Что же это за гены? Вёзе рассудил, что клетки зависят от наличия сырьевых материалов в той же степени, в какой общество зависит от наличия кирпича и стали для строительства школ, фабрик и больниц. Общественная жизнь остановится, если закончится сырье, и клетки не смогут жить без белков или ДНК, обеспечивающей непрерывную функцию белков. Таким образом, синтез белков является одним из древнейших и важнейших аспектов жизни, и процессы синтеза белка имеют для клетки решающее значение. Поскольку гены, контролирующие синтез белка, не должны меняться со временем и передаваться путем горизонтального переноса, LUСА, скорее всего, уже имел эти гены.
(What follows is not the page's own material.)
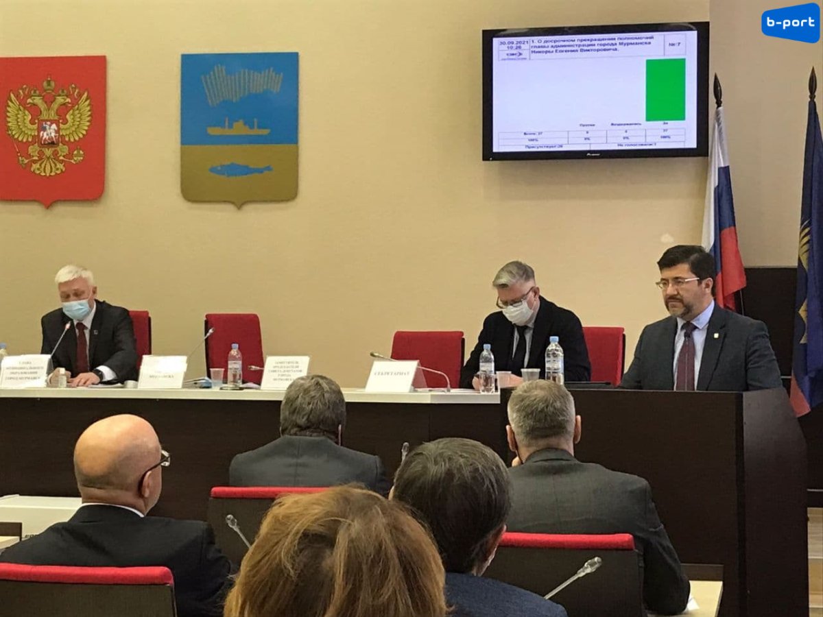 Глава Мурманска Михаил Белошеев и глава администрации Евгений Никора ушли в отставку. Решение об принято депутатами городского Совета депутатов на внеочередном заседании в четверг, в связи с личными заявлениями Михаила Белошеева и Евгения Никоры и их избранием депутатами Мурманской областной Думы.

Белки синтезируются на рибосомах, которые состоят из нескольких белков и так называемой рибосомной ДНК. Как рибосомные белки, так и рибосомная РНК кодируются ДНК и предохраняются от мутаций естественным отбором. Вёзе понял, что из всех функциональных элементов клетки гены рибосомной РНК являются наилучшим кандидатом на роль «краеугольного камня» — абсолютно необходимого компонента клетки — и, следовательно, не должны подвергаться мутациям и передаваться путем горизонтального переноса. Более того, поскольку последовательность нуклеотидов в рибосомной РНК является точной репликой гена, последовательности рибосомной РНК можно сравнивать непосредственно между собой, не возвращаясь к последовательностям генов. В 1960-х и 1970-х гг. сделать это было невозможно, а рибосомную РНК гораздо легче выделить и секвенировать, чем последовательность соответствующего гена. Итак, в качестве рулетки для измерения эволюционного родства Вёзе выбрал рибосомную РНК. Он стал сравнивать последовательности рибосомных РНК, имевшиеся в его лаборатории и описанные в литературе, и на основе этих данных построил карту генетических связей между всеми формами жизни. За решение этой сложной задачи взялись сразу несколько исследовательских групп.